Creal Springs is located in southeastern Williamson County, on the north slope of the Shawnee Hills.

==Demographics==

As of the census of 2000, there were 702 people, 292 households, and 186 families residing in the city. The population density was 709.1 PD/sqmi. There were 318 housing units at an average density of 321.2 /sqmi. The racial makeup of the city was 97.29% White, 0.14% African American, 0.57% Native American, 0.28% Asian, 0.28% from other races, and 1.42% from two or more races. Hispanic or Latino of any race were 1.71% of the population.

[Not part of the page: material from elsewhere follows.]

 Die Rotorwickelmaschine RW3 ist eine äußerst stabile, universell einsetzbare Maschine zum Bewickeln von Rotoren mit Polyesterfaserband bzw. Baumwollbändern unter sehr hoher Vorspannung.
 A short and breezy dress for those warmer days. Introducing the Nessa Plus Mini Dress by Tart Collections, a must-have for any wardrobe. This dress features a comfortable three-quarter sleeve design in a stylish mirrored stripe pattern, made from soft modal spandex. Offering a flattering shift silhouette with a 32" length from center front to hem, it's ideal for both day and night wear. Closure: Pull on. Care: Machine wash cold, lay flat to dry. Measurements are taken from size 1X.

There were 292 households, out of which 25.7% had children under the age of 18 living with them, 45.9% were married couples living together, 13.0% had a female householder with no husband present, and 36.3% were non-families. 32.9% of all households were made up of individuals, and 14.4% had someone living alone who was 65 years of age or older. The average household size was 2.28 and the average family size was 2.94.

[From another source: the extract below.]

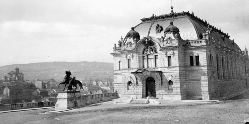 A Lovarda egykor, előtte a Lovat fékező csikós szobra (Vastagh György alkotása, ma az eredeti helyétől egy szinttel feljebb, a Hunyadi-udvaron áll)
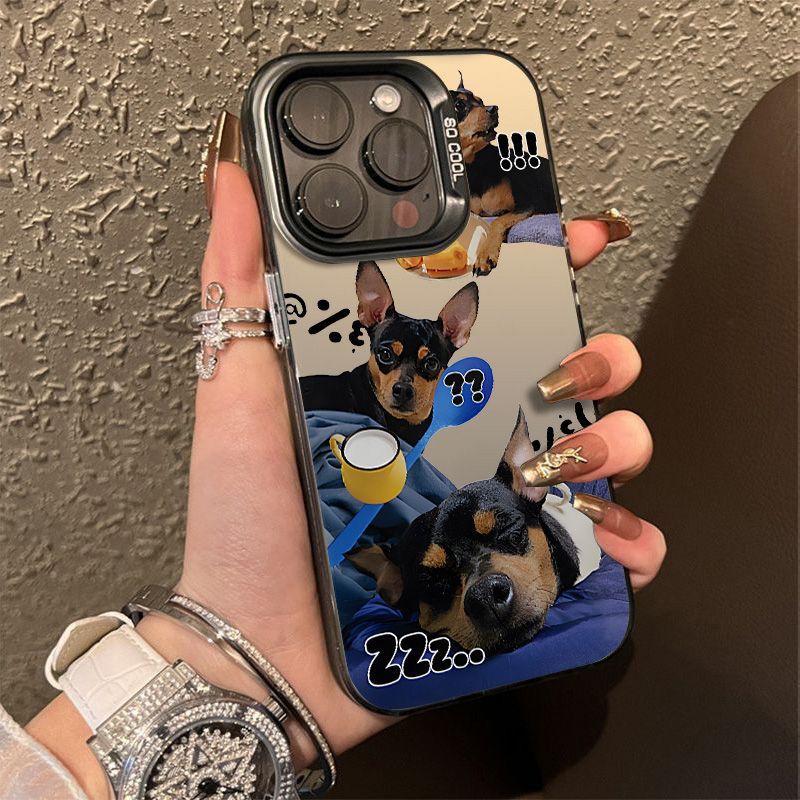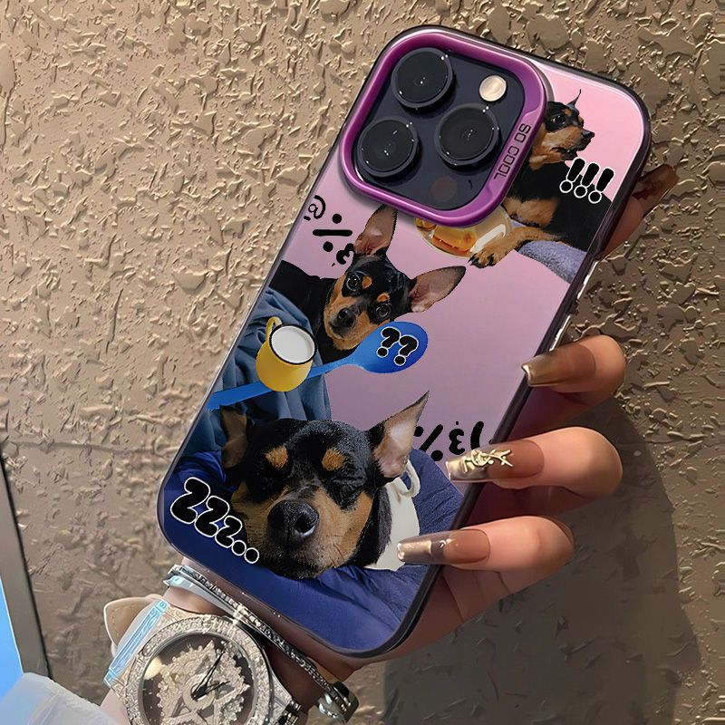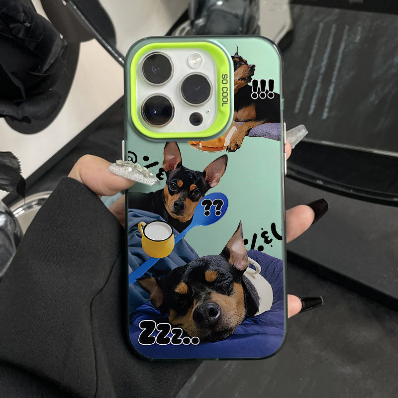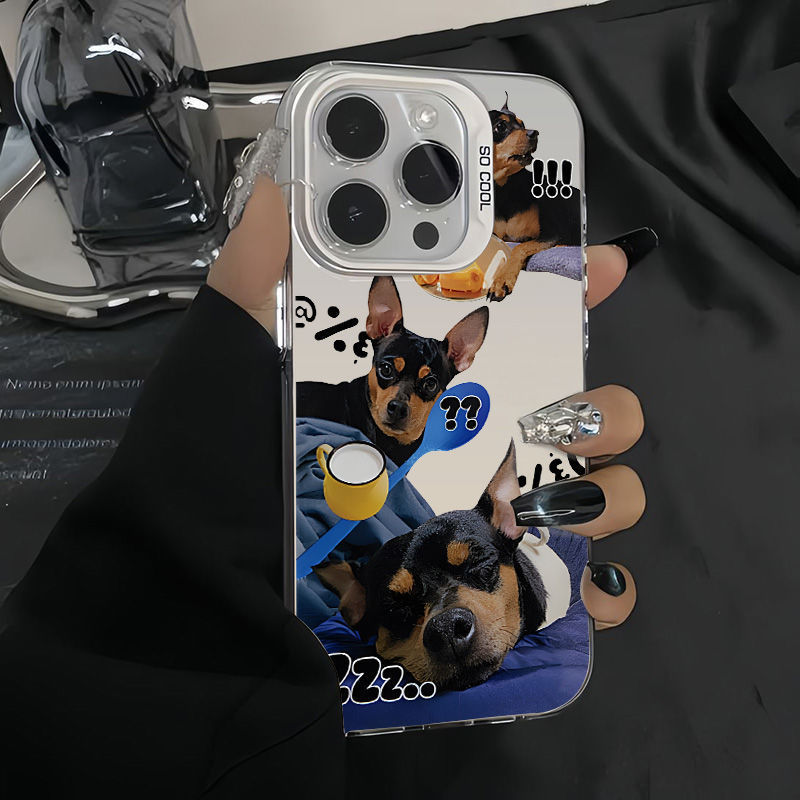かわいい犬はリンゴ16proフロストカラー銀ケース15/14クリエイティブ13/12かわいい11/xsmaxに適しています

In the city the population was spread out, with 23.4% under the age of 18, 9.0% from 18 to 24, 25.2% from 25 to 44, 23.8% from 45 to 64, and 18.7% who were 65 years of age or older. The median age was 39 years. For every 100 females, there were 97.7 males. For every 100 females age 18 and over, there were 95.6 males.

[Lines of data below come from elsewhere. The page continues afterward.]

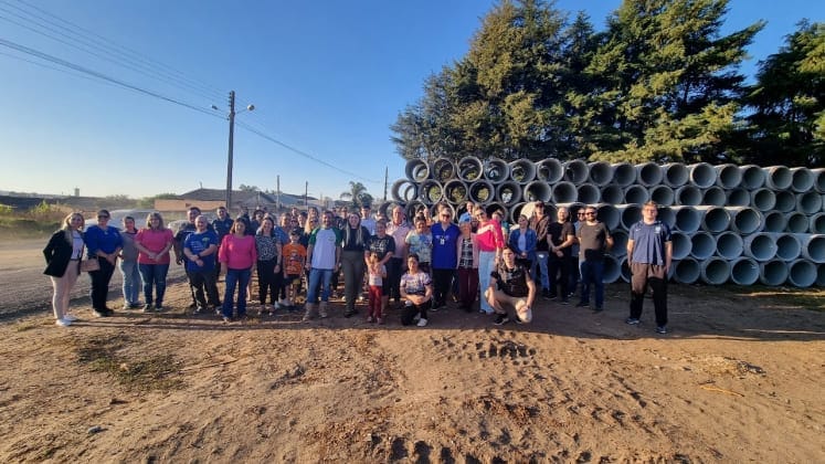A tubulação já está à beira da Avenida Julio Budant Neto, no Campo d’Água Verde, e o estaqueamento que balizará a obra de pavimentação da via foi realizado. “Nas próximas semanas vamos iniciar a drenagem”, garantiu a prefeita Juliana Maciel nesta quarta, 12 de junho, em ato realizado no local da obra.
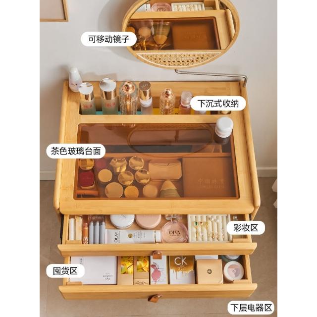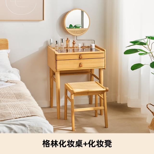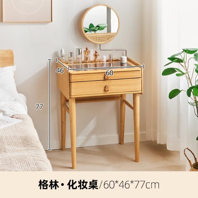日式梳粧檯臥室現代簡約小型原木風書桌極窄化妝臺帶鏡子化妝桌子
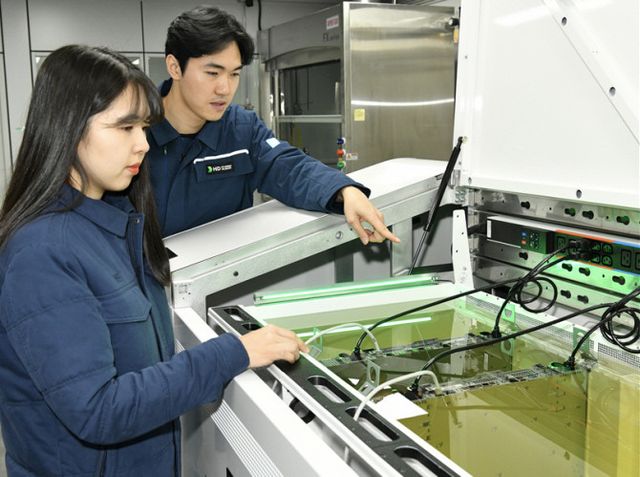 액침냉각 설비에 담긴 냉각유와 서버를 테스트하고 있는 HD현대오일뱅크 직원들. ⓒ HD현대오일뱅크
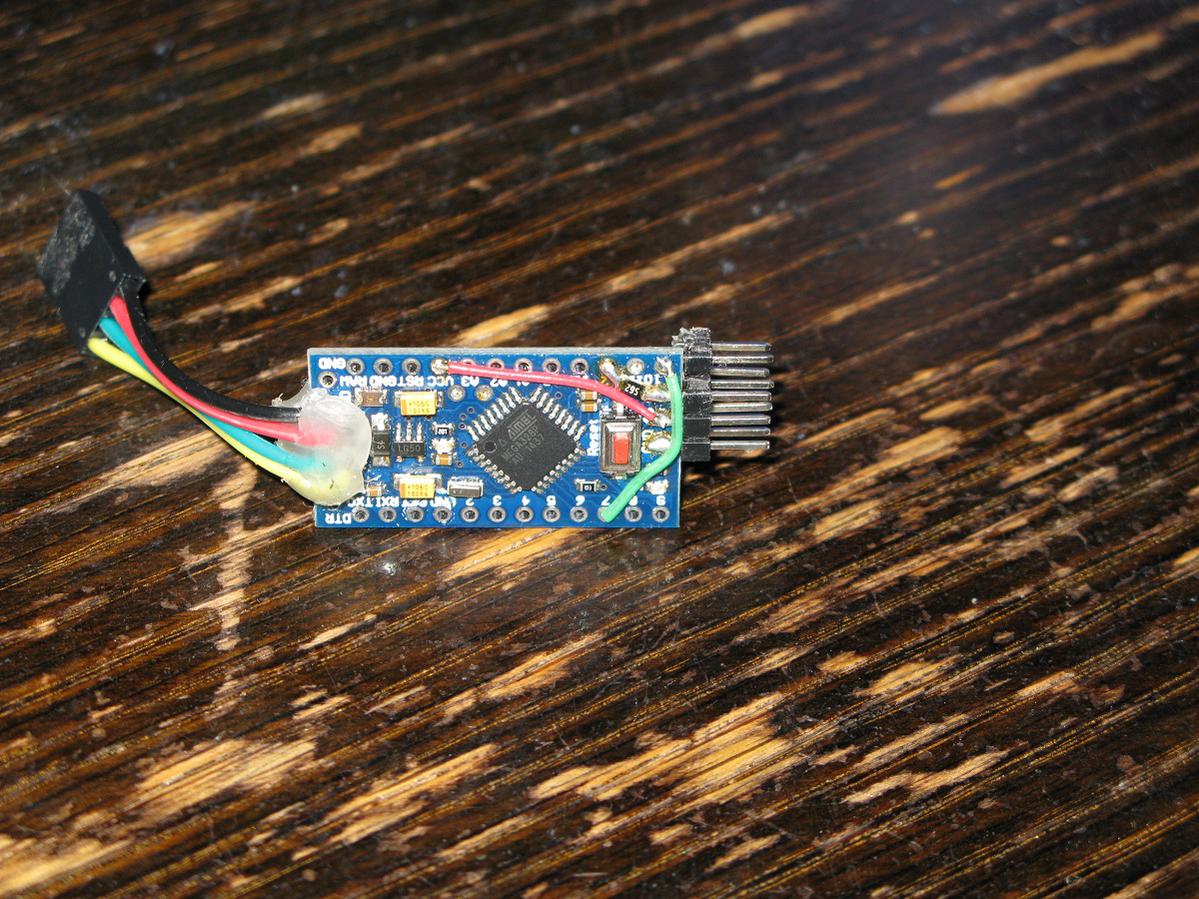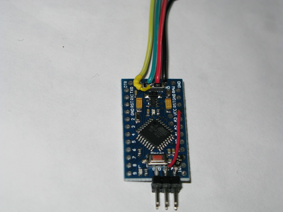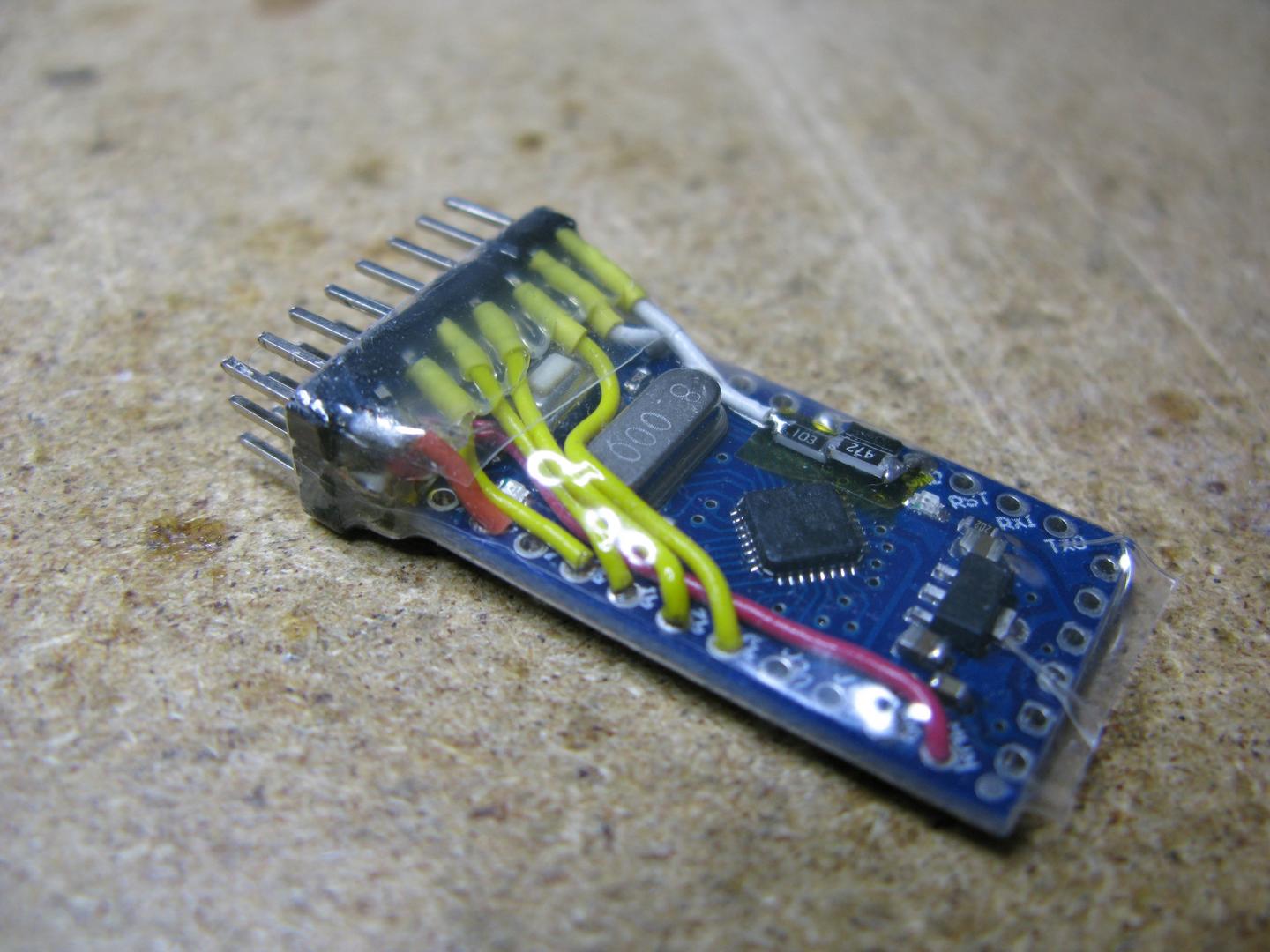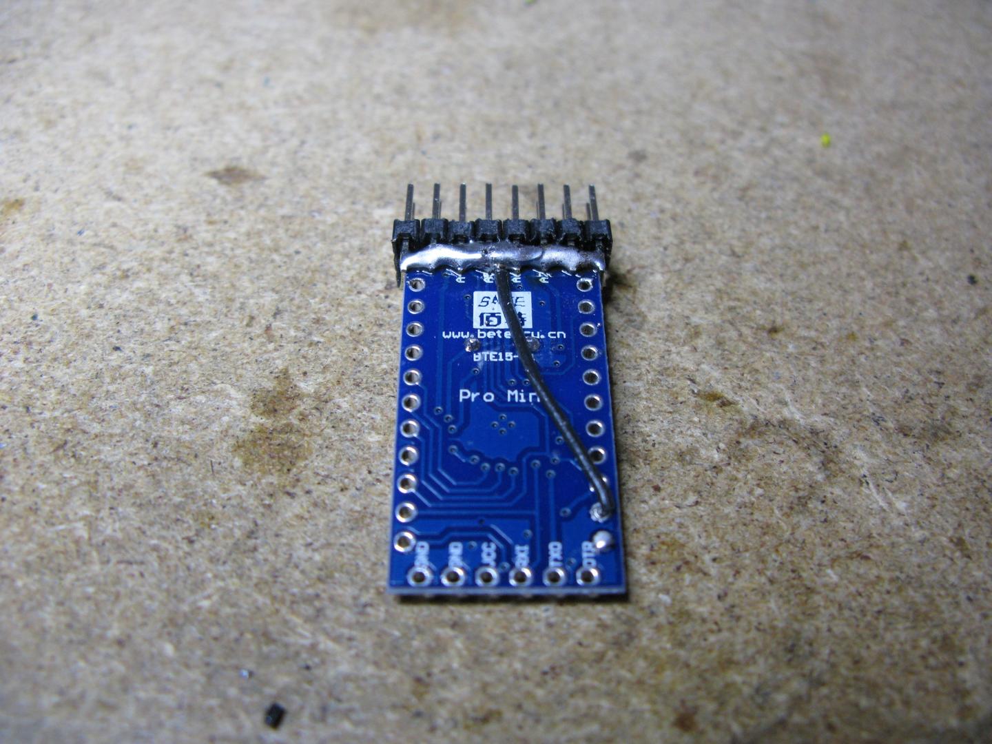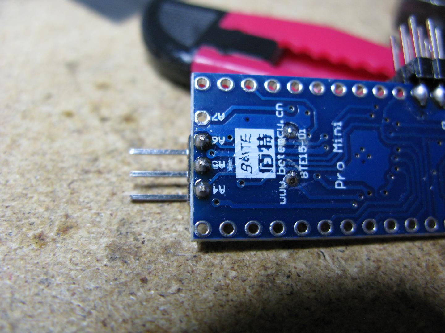 Alle er basert på Arduino Pro Mini 16 MHz/5V. Jeg valgte en variant som har Gnd, A6 og A7 i den ene enden. Her loddet jeg pinnene for diverse tilkoblinger. I den endelige versjonen ble det en 3-pins og to 4-pins rekker. A6 tjener som 5V, så jeg loddet en ledning mellom 5V punktet og A6. A7 brukes som signal. Siden mottagerene helst skal ha 3.3V på telemetriinngangen, loddet jeg en 5,6k motstand mellom A7 og D12, som er pinnen hvor signalet egentlig genereres.

The median income for a household in the city was $25,272, and the median income for a family was $29,583. Males had a median income of $26,250 versus $17,125 for females. The per capita income for the city was $13,483. About 18.8% of families and 23.7% of the population were below the poverty line, including 37.6% of those under age 18 and 12.0% of those age 65 or over.

Historical population
| Census | Pop. | Note | %± |
| 1890 | 539 |  | — |
| 1900 | 940 |  | 74.4% |
| 1910 | 936 |  | −0.4% |
| 1920 | 1,002 |  | 7.1% |
| 1930 | 766 |  | −23.6% |
| 1940 | 950 |  | 24.0% |
| 1950 | 864 |  | −9.1% |
| 1960 | 784 |  | −9.3% |
| 1970 | 830 |  | 5.9% |
| 1980 | 845 |  | 1.8% |
| 1990 | 791 |  | −6.4% |
| 2000 | 702 |  | −11.3% |
| 2010 | 543 |  | −22.6% |
| 2020 | 505 |  | −7.0% |
U.S. Census

==Education==
It is in the Marion Community Unit School District 2.

Marion CUSD operates the Adams School or Creal Springs Elementary School. Secondary schools are Marion Junior High and Marion High School.